On November 12, 2009, Woori debuted as the main rapper of the girl group Rainbow with the release of extended play Gossip Girl.

In January 2014, DSP announced Woori, alongside member Jaekyung, Seungah, and Hyunyoung, would form Rainbow's second sub-unit. On January 20, 2014, the sub-unit named Rainbow Blaxx debut with the release of extended play RB Blaxx.

On October 27, 2016, DSP announced Rainbow would disband on November 12 as the members contract were to expire. The group released seven EPs and two studio albums while active.

===2010–present: Activities as an actress===
In 2010, Woori made her debut as an actress in the film Heartbeat. The following year, she was cast in the film You're My Pet and in the second season of Invincible Youth.

On February 27, 2012, she made her drama debut in KBS2's I Need a Fairy. In 2013, she was cast in The Clinic for Married Couples: Love and War and made a cameo in Reply 1994. She was then cast as a supporting character in the dramas Glorious Day (2014) and Flower of Queen (2015). In 2016, she landed her first starring role in Start Again.

On January 10, 2018, it was announced that Woori changed her stage name to Go Na-eun. That year she was cast in Yeonnam-dong 539, the horror film The Whispering, and My Only One.
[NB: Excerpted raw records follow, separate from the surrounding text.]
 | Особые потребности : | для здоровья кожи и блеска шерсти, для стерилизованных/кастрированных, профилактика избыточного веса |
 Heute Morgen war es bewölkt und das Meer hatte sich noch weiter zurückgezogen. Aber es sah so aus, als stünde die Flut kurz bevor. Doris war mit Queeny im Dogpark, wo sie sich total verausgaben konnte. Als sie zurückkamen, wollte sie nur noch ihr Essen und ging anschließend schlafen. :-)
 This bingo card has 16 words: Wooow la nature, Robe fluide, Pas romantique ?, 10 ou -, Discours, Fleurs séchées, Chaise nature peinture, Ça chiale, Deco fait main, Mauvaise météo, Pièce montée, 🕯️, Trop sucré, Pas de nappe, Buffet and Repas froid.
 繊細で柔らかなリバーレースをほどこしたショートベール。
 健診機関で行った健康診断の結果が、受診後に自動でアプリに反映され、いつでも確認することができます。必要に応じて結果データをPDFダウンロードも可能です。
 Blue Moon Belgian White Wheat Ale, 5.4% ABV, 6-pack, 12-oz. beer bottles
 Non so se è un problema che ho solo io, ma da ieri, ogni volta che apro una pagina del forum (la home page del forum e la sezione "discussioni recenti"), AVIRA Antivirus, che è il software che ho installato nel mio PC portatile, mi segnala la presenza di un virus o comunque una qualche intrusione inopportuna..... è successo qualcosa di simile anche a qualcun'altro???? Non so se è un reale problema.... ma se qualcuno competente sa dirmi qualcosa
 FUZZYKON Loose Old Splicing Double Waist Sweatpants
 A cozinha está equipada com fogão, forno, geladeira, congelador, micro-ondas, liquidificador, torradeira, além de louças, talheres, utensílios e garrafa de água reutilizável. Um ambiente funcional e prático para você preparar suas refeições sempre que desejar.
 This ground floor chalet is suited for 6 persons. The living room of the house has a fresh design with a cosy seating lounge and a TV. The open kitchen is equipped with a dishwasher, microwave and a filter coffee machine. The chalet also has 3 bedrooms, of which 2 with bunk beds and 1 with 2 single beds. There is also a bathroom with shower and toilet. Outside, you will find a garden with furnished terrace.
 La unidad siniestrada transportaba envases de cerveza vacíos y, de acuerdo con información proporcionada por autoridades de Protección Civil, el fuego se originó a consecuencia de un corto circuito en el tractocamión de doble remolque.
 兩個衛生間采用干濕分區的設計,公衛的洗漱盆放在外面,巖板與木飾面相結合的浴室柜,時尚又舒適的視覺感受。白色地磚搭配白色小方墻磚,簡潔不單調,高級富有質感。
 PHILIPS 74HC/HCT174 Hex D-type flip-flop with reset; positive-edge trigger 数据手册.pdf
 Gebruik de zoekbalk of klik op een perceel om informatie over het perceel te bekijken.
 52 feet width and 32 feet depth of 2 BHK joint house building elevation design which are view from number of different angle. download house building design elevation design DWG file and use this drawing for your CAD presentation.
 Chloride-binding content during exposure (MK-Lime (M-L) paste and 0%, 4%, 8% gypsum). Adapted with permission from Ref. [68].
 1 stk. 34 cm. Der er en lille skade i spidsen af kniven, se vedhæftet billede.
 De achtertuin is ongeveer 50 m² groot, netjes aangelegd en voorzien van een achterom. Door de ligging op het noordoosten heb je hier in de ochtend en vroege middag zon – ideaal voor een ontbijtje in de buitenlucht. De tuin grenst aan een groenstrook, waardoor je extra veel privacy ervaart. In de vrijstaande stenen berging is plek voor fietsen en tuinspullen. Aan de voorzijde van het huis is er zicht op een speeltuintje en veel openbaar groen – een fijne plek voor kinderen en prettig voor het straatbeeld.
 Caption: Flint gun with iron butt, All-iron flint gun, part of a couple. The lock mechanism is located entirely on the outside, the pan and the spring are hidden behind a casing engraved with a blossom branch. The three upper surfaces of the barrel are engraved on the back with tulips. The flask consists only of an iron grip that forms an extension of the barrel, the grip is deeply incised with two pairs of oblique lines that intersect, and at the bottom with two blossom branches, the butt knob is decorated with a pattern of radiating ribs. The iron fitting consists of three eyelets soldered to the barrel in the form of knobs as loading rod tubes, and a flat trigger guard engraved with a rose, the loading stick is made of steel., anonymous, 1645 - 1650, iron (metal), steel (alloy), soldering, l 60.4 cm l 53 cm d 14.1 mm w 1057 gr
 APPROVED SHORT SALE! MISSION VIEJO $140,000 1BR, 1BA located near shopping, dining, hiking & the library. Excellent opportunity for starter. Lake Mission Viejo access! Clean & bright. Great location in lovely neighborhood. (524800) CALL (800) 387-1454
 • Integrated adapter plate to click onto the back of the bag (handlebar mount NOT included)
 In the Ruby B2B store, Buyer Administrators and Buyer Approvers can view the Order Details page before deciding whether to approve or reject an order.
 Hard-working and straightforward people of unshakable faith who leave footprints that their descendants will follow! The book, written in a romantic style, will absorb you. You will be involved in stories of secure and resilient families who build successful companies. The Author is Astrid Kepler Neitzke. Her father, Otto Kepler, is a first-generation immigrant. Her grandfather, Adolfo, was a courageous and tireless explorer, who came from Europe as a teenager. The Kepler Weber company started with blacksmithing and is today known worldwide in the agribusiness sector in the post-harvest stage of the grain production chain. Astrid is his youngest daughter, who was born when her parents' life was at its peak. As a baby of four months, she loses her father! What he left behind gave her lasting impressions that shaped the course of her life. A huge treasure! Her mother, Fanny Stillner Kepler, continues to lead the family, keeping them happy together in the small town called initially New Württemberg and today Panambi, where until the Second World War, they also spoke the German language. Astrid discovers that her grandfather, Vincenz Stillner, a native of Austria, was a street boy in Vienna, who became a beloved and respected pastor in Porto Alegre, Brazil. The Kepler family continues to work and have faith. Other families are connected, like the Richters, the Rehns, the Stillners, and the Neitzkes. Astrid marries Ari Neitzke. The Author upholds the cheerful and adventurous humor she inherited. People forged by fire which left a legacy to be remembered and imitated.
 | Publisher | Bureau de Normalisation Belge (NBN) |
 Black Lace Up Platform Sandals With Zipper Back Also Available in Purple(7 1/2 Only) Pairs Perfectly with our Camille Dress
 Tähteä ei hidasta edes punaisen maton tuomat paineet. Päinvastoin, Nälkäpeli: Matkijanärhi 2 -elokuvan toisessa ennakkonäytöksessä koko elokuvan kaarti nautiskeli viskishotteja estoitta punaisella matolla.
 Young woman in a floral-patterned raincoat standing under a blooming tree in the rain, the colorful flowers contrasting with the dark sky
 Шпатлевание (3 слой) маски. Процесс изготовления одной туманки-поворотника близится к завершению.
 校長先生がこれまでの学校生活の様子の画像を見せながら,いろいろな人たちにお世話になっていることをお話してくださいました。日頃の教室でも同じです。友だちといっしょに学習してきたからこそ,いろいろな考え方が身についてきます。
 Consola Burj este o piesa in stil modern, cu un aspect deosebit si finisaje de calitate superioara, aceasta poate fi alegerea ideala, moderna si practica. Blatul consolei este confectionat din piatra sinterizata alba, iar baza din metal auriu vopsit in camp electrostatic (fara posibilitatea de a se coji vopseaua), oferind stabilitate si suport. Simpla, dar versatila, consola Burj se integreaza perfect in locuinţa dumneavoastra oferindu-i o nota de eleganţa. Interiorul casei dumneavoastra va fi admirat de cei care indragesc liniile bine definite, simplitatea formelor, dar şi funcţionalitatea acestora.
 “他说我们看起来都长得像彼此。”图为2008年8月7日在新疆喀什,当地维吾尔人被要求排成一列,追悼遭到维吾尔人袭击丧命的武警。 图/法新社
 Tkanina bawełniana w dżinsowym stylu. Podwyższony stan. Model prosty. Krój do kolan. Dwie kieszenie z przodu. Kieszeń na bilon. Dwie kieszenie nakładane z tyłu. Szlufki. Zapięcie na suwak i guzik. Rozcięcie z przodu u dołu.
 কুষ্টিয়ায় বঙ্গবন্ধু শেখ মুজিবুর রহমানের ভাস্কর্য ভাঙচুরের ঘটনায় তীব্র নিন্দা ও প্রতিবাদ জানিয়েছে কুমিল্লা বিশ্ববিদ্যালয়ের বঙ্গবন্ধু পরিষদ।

In 2019, she was cast in Love in Sadness and changed her stage name back to Go Woo-ri in November. In 2020, she was cast in True Beauty, while in 2021 she appeared in Hello, Me!.

==Personal life==
In June 2022, Go's agency confirmed her relationship with a businessman. Later in August, it was announced that they were engaged. They got married on October 3, 2022, in presence of friends and family in Seocho District, Seoul.

On April 2, 2026, Go announced her pregnancy after 3 years and 7 months of marriage through her Instagram account.

==Filmography==
===Film===

| Year | Title | Role | Notes | Ref. |
|---|---|---|---|---|
| 2010 | Heartbeat |  | Cameo |  |
| 2011 | You're My Pet | Lee Min-seon |  |  |
| 2018 | The Whispering |  |  |  |
| TBA | Animal Period of Escape | Yu Mi-ra |  |  |

===Television series===

| Year | Title | Role | Notes | Ref. |
| 2012 | I Need a Fairy | Go Ria |  |  |
| 2013 | Reply 1994 | "Uhm Jung-hwa" of Yonsei University | Cameo |  |
| The Clinic for Married Couples: Love and War | Go Eun |  |  |
| 2014 | Glorious Day | Jung Da-in |  |  |
| 2015 | Flower of Queen | Seo Yoo-ra |  |  |
| 2016 | Start Again | Lee Ye-ra |  |  |
| 2018 | Yeonnam-dong 539 | Seok Do-hee |  |  |
| My Only One | So Young-bae |  |  |
| 2019 | Love in Sadness | Oh Cheol-young |  |  |
| 2020 | Live On | Music teacher | Cameo |  |
| 2020–2021 | True Beauty | Selena Lee |  |  |
| 2021 | Hello, Me! | Bang Ok-joo |  |  |
| Mouse | Jennifer Lee | Cameo (Episode 9) |  |
| 2022 | Gaus Electronics | Sung Hyeong-mi |  |  |

===Web series===

| Year | Title | Role | Notes | Ref. |
|---|---|---|---|---|
| TBA | Mentalist | Ban Eun-hye |  |  |

===Television show===

| Year | Title | Role | Notes | Ref. |
|---|---|---|---|---|
| 2011–2012 | Invincible Youth | Cast member | Season 2 |  |
| 2016 | Society Game | Contestant | Season 2 |  |
| 2021 | Celebrity Beauty | Host | Season 3 |  |

==Ambassadorship==
- Help Animals Ambassador, Animal Protection Group (2022)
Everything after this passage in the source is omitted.